■ What you should do ■
Copy every record word for word.

■ Supplied records ■
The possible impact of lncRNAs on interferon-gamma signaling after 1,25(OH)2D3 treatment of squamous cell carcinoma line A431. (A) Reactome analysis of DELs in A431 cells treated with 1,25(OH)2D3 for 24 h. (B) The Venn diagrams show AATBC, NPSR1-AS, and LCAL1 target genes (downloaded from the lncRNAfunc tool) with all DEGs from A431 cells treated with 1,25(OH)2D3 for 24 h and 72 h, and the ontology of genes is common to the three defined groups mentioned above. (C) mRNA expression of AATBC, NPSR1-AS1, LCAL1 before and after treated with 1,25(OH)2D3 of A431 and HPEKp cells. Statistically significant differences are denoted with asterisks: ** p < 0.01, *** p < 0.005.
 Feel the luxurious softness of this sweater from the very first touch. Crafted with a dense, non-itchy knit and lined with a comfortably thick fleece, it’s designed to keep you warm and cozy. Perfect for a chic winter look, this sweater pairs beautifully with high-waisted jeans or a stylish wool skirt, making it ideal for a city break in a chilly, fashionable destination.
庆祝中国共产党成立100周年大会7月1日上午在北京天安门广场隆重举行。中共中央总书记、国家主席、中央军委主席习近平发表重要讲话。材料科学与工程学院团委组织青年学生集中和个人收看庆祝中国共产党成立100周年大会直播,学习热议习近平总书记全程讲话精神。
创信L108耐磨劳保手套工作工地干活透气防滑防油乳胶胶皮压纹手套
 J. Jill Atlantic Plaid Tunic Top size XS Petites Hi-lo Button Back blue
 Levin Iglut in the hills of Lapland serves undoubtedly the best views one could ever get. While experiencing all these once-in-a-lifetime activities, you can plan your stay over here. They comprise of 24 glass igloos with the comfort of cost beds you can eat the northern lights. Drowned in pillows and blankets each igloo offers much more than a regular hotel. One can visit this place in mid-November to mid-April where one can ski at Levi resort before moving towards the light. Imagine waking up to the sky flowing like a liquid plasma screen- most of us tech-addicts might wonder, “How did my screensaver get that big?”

■ Exercise solution ■
The possible impact of lncRNAs on interferon-gamma signaling after 1,25(OH)2D3 treatment of squamous cell carcinoma line A431. (A) Reactome analysis of DELs in A431 cells treated with 1,25(OH)2D3 for 24 h. (B) The Venn diagrams show AATBC, NPSR1-AS, and LCAL1 target genes (downloaded from the lncRNAfunc tool) with all DEGs from A431 cells treated with 1,25(OH)2D3 for 24 h and 72 h, and the ontology of genes is common to the three defined groups mentioned above. (C) mRNA expression of AATBC, NPSR1-AS1, LCAL1 before and after treated with 1,25(OH)2D3 of A431 and HPEKp cells. Statistically significant differences are denoted with asterisks: ** p < 0.01, *** p < 0.005.
 Feel the luxurious softness of this sweater from the very first touch. Crafted with a dense, non-itchy knit and lined with a comfortably thick fleece, it’s designed to keep you warm and cozy. Perfect for a chic winter look, this sweater pairs beautifully with high-waisted jeans or a stylish wool skirt, making it ideal for a city break in a chilly, fashionable destination.
庆祝中国共产党成立100周年大会7月1日上午在北京天安门广场隆重举行。中共中央总书记、国家主席、中央军委主席习近平发表重要讲话。材料科学与工程学院团委组织青年学生集中和个人收看庆祝中国共产党成立100周年大会直播,学习热议习近平总书记全程讲话精神。
创信L108耐磨劳保手套工作工地干活透气防滑防油乳胶胶皮压纹手套
 J. Jill Atlantic Plaid Tunic Top size XS Petites Hi-lo Button Back blue
 Levin Iglut in the hills of Lapland serves undoubtedly the best views one could ever get. While experiencing all these once-in-a-lifetime activities, you can plan your stay over here. They comprise of 24 glass igloos with the comfort of cost beds you can eat the northern lights. Drowned in pillows and blankets each igloo offers much more than a regular hotel. One can visit this place in mid-November to mid-April where one can ski at Levi resort before moving towards the light. Imagine waking up to the sky flowing like a liquid plasma screen- most of us tech-addicts might wonder, “How did my screensaver get that big?”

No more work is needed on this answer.